Our country would be well-served by mandatory military service or domestic government service.
It would be a small price to pay for the privilege of citizenship.

You can feel bad about some things. Don't feel bad about feeling bad.

As I get older, history becomes more important.
I can apply more context to events by understanding past decisions. I think presidents and members of Congress could use strategic history lessons.

People who say 60 is the new 40 are not 60.

Local elections are very important.
The turnout for local elections is shamefully low. The government closest to the people has the lowest voter turnout. Go figure!

The New Yorker magazine cover from March 29, 1976 is correct.
Google New Yorker magazine cover "A view of the world from 9th Ave."

Getting up before dawn to shovel sidewalks before school was a good thing.
Builds character, maybe. Do I appreciate the quiet and beauty of a new snow before the sun is up? You bet.

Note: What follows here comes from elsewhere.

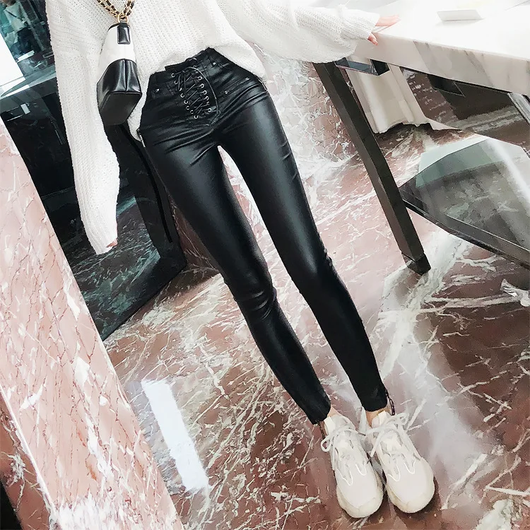 .Pictures of HOUZHOU Pu High Waist Pants Women Leather Trousers Women Lace-up Streetwear Skinny Pencil Pants Ankle Length Pants for Women
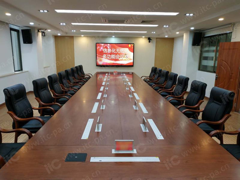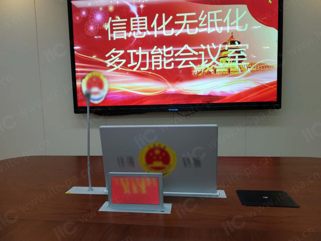 itc嚴格按照檢查院的會議設計要求,結合會議室的建筑結構及相關設計標準進行設計,選用了一體式雙屏的無紙化會議終端。

Best pre-employment discussion. A 1969 interview set the tone for my own hiring decisions.
"We are a profit-making organization and we want you to work it like it was your own." July 1969, Triple S Bar, Eatontown, NJ. George, Pete and Nick Samarus, owners. Just back from Vietnam, Nick interviewed me standing by the cash register in the liquor section. He said, "Work for a couple weeks with all the brothers and we'll see how it goes." I passed the test and used that speech countless times in my own businesses.

Faculty from the past from WIU are important to who I am today.
Music appreciation course Fall 1964, sitting in the back row with fellow football teammates, the professor said, "I know you aren't music majors and are not into this now, but try to appreciate certain parts." I did and still do. Loren Logsdon, in English, made "Dandelion Wine" one of my favorite books. In geography, Professors Martin, Gabler, Griffin and Caspell made me understand that rocks, mountains, hills, valleys and neighborhoods are more than they appear. Since I had taken a meteorology class, I had a meteorology textbook sent to me in Vietnam to better understand the weather. Jerry Banninga, in speech and communications, made me remember to this day the common fallacies in reasoning.